Townsend enjoyed French rugby – "the support, the colour, the noise, it's unique" – but was persuaded this year to return to his native Borders. It has been a tumultuous time in his life both domestically – "my wife had our first baby on my first day of training" – and professionally. Bizarrely, Scotland's rugby heartland was overlooked when the nation's professional sides were being formed. Borders have had some catching up to do, and Townsend has taken a calculated gamble in moving to an untried team.

"Because there's been no professional rugby in the Borders until now, there's a generation of 22- to 27-year-olds who haven't played at the top level, and so there's a lack of quality. Everyone knows now that it was a mistake. There's the same passion for rugby in the Borders as in the south-west of France, or the south-west of England. But we're getting there.

"I never thought we'd get to the level of beating Glasgow five tries to nil, as we did a few weeks ago."

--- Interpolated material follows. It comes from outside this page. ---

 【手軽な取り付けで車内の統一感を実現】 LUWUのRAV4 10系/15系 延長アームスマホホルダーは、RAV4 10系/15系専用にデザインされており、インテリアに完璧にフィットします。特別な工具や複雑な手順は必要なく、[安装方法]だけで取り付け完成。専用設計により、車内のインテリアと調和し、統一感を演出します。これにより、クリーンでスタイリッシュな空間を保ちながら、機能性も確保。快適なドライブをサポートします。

He hopes, too, that the fierce local rivalries between the Borders towns will begin to diminish now that there is a single regional team. But old abuse dies hard. In his first game for Borders, at Hawick, he was lambasted by a member of the home crowd, who shouted: 'Get back tae Galae, ye pailmerk'!"

Apparently, pailmerk is a term of abuse based on the belief that Galashiels was the last town in the area to get indoor lavatories, and that Gala residents still had the mark of an outdoor pail on their backsides while the more fortunate folk of Hawick and Melrose were sitting indoors in comfort.

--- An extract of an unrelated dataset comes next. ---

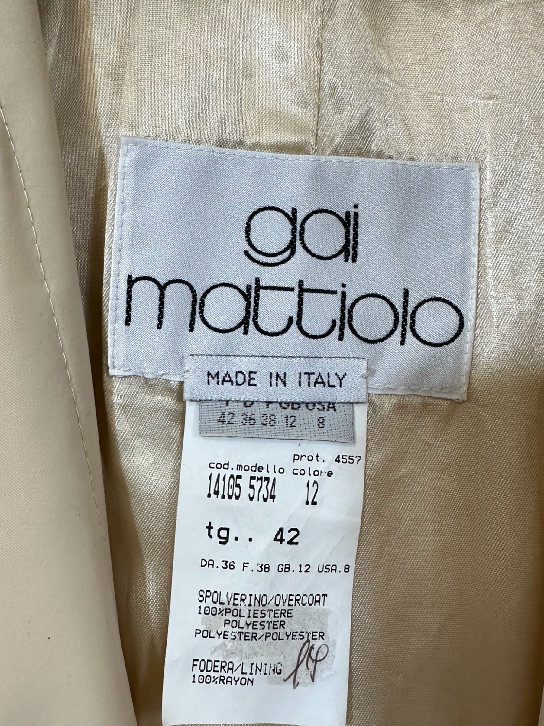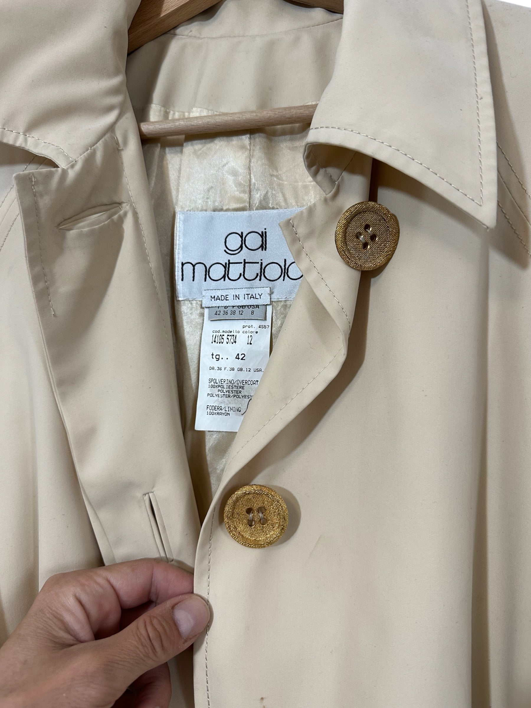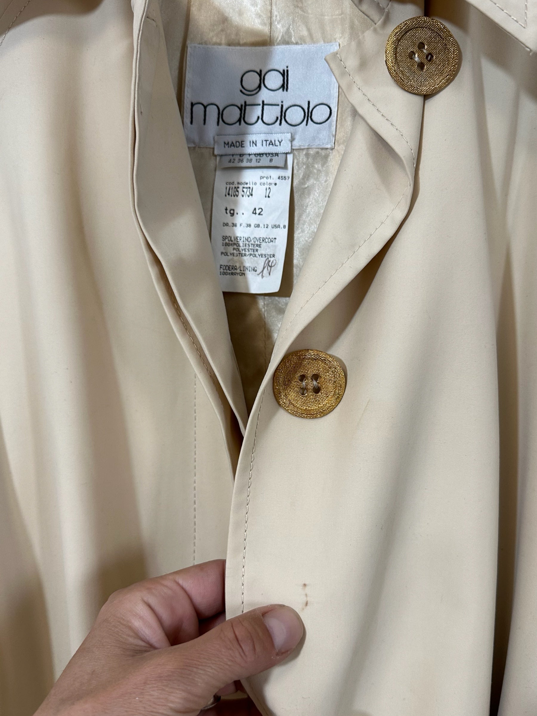 Gai Mattiolo spolverino in poliestere color avorio a maniche lunghe con cuciture a vista, tasche laterali e cintura in vita. Bottoni in metallo dorato zigrinato. Piccolo segno di usura all’interno della chiusura. Tg. 42 misure in foto.

But if Townsend shows opposing South African backs a clean pair of heels next Saturday, then whether or not his posterior is marked, even the most bigoted native of Hawick will surely forgive him his birthplace. First, though, he has to be selected.

b.viner@independent.co.uk

Gregor Townsend The Life and Times

Name: Gregor Townsend

Born: 26 April 1973 in Edinburgh

Position: Fly-half or centre

Height: 6ft Weight: 13st 3lb

International career: Scotland: 66 senior caps; 157 points; 16 tries; made his debut as a replacement in a 26-12 defeat to England at Twickenham. Lions: Two caps on the victorious 1997 tour in South Africa.

Clubs: Schoolboy-1995 Gala; 1995-1998 Northampton ; 1998-2001 Brive; 2001-2002 Castres; 2002-present Borders.

Career: After graduating from Edinburgh University in the days of amateurism, Townsend stayed at Gala. He played there until leaving for Northampton in 1995. He combined this with working as a banker. Became a full-time professional at Northampton and played much of the time at centre, kept out of the No.10 shirt by Paul Grayson. Left for a successful spell in France at Brive and then Castres.

He says (on joining Borders): "I am delighted to be coming back home. It is seven years since I left Gala to experience new challenges in different rugby environments and to come back home to this ground is just great. I am very excited about the future here. I just can't wait for next season to start. I am always willing to improve my game and this gives me a brand new challenge." They say: "He is a world-class player and his commitment to the side signals the standard we want to set ourselves, and Gregor is a big part of that. It is important to the side to have players of his quality. He is a player we have targeted. He is a player at the top of his game and is playing some of the best rugby of his life." Borders coach Tony Gilbert.